EXERCISE
Exclude every picture and return the remaining entries below verbatim.

====== EXTRACTED DATA ======

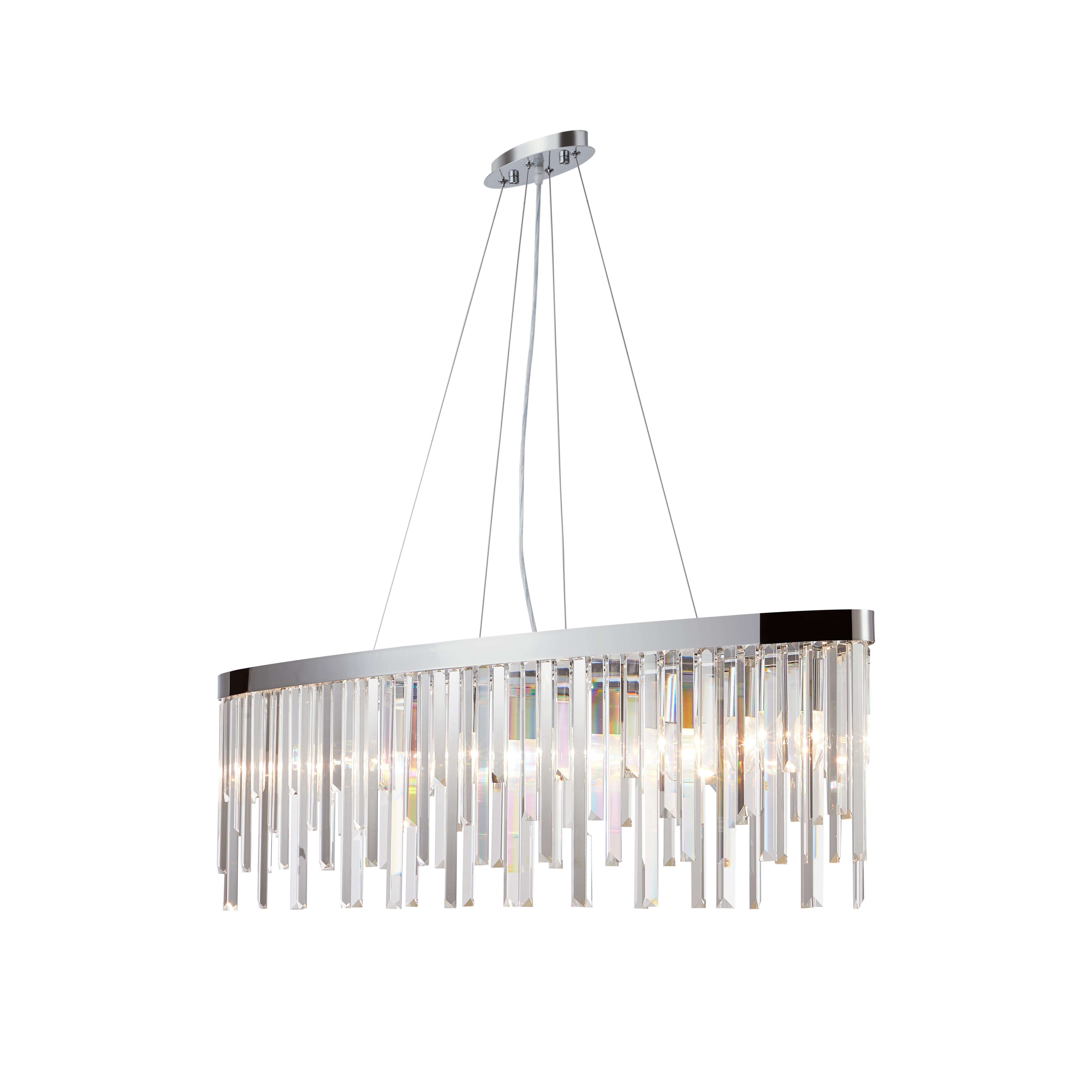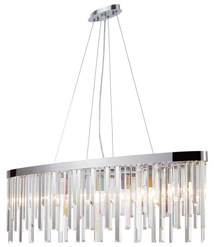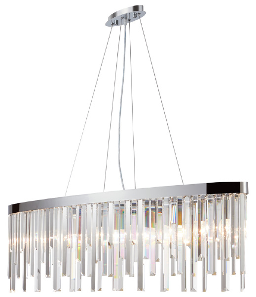 Люстра подвесная из коллекции Venecia вытянутой формы выполнена из металла, гальванизированного в цвет хрома, и декорирована прозрачным хрусталем высшей категории прямоугольной формы разной длины. Современная форма и высокое качество светильников идеально подойдут как в классические, так и современные интерьеры.
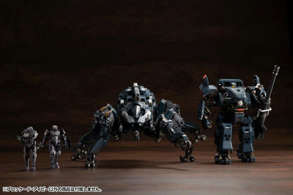 HEXA G-R.A.M System that allows for a wide range of reconfiguration and combination of parts for building original mechas. With its six long legs and heavy body, BLOCKADE IVY is used for long-range shelling with its powerful cannon.
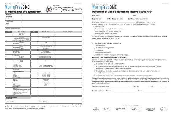 � Facilitate immobilization , healing and treatment of an injury Necessity of Ankle Foot Orthotic molded to patient model :
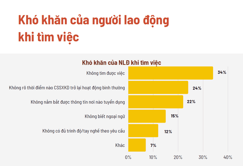 Trước kết quả trên, có 32,4% người lao động tham gia khảo sát cho rằng nguyên nhân họ bị mất việc là do cơ sở sản xuất, kinh doanh đóng cửa, phá sản hoặc tạm ngừng kinh doanh. Trong khi có 27,1% đưa ra nguyên nhân do cơ sở sản xuất, kinh doanh phải sa thải lao động để cắt giảm chi phí do không có đơn hàng.
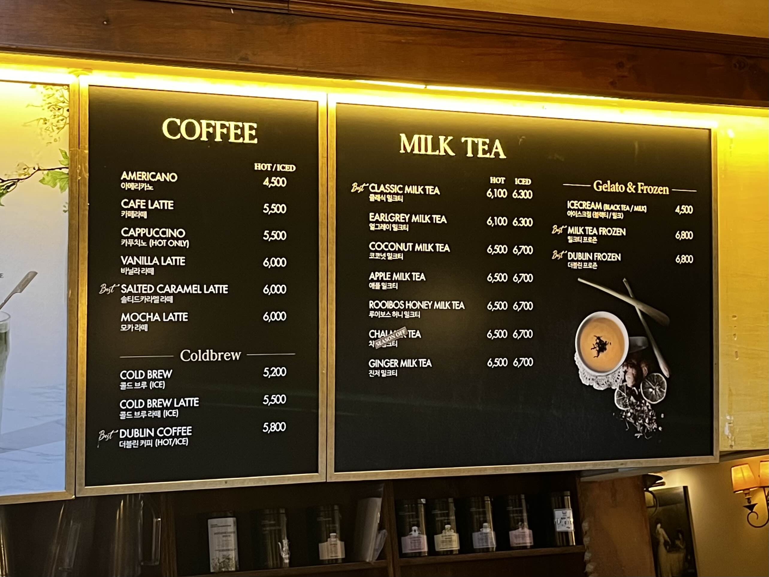 시그니처 메뉴인 밀크티를 베이스로 한 음료들이 많고, 클래식한 카페 분위기를 느끼실 수 있는 곳이에요
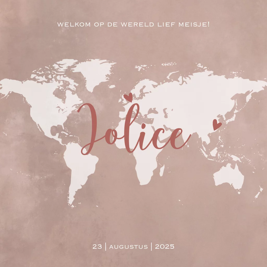 Geboortekaartje meisje met kaart van de wereld op oud roze achtergrondkleur. Voor een kindje wat de wereld mag gaan ontdekken. Extra leuk, plaats de hartjes op de kaart waar de ouders zijn geboren. Kan ook gebruikt worden als een kaart voor adoptie / adoptiekaartje. Plaats het hartje op de geboorteplaats op de wereld. (22816)
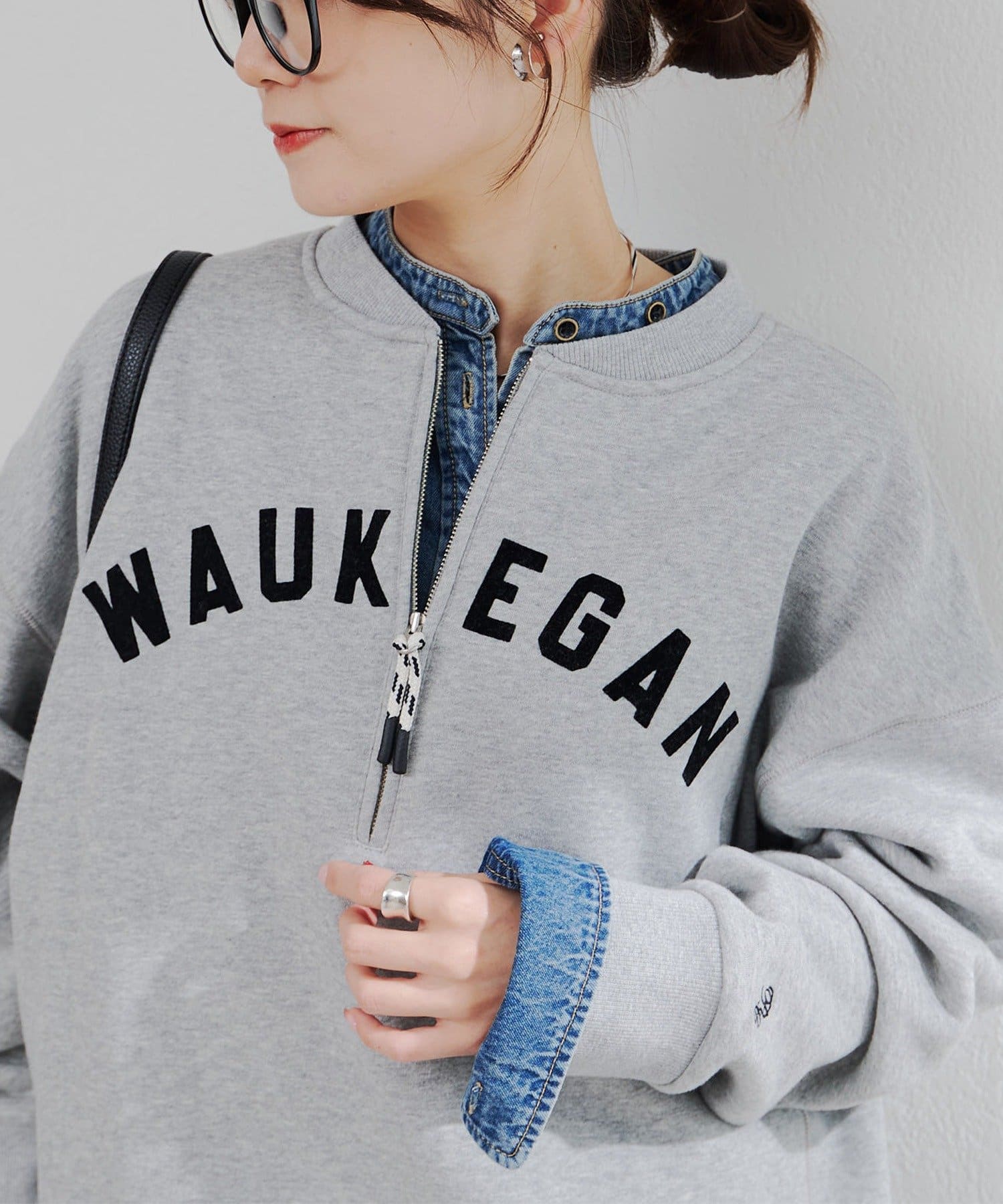 ハーフジップデザイン+やや短めな着丈なので、レイヤードスタイルも簡単にサマになりオススメ。
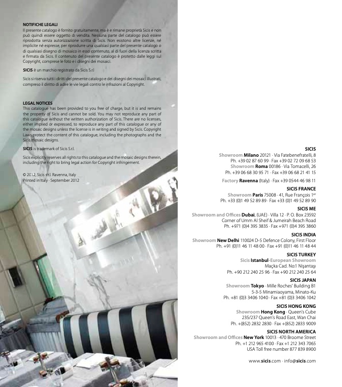 this catalogue without the written authorization of Sicis. There are no licenses,

======

EXERCISE SOLUTION
 Люстра подвесная из коллекции Venecia вытянутой формы выполнена из металла, гальванизированного в цвет хрома, и декорирована прозрачным хрусталем высшей категории прямоугольной формы разной длины. Современная форма и высокое качество светильников идеально подойдут как в классические, так и современные интерьеры.
 HEXA G-R.A.M System that allows for a wide range of reconfiguration and combination of parts for building original mechas. With its six long legs and heavy body, BLOCKADE IVY is used for long-range shelling with its powerful cannon.
 � Facilitate immobilization , healing and treatment of an injury Necessity of Ankle Foot Orthotic molded to patient model :
 Trước kết quả trên, có 32,4% người lao động tham gia khảo sát cho rằng nguyên nhân họ bị mất việc là do cơ sở sản xuất, kinh doanh đóng cửa, phá sản hoặc tạm ngừng kinh doanh. Trong khi có 27,1% đưa ra nguyên nhân do cơ sở sản xuất, kinh doanh phải sa thải lao động để cắt giảm chi phí do không có đơn hàng.
 시그니처 메뉴인 밀크티를 베이스로 한 음료들이 많고, 클래식한 카페 분위기를 느끼실 수 있는 곳이에요
 Geboortekaartje meisje met kaart van de wereld op oud roze achtergrondkleur. Voor een kindje wat de wereld mag gaan ontdekken. Extra leuk, plaats de hartjes op de kaart waar de ouders zijn geboren. Kan ook gebruikt worden als een kaart voor adoptie / adoptiekaartje. Plaats het hartje op de geboorteplaats op de wereld. (22816)
 ハーフジップデザイン+やや短めな着丈なので、レイヤードスタイルも簡単にサマになりオススメ。
 this catalogue without the written authorization of Sicis. There are no licenses,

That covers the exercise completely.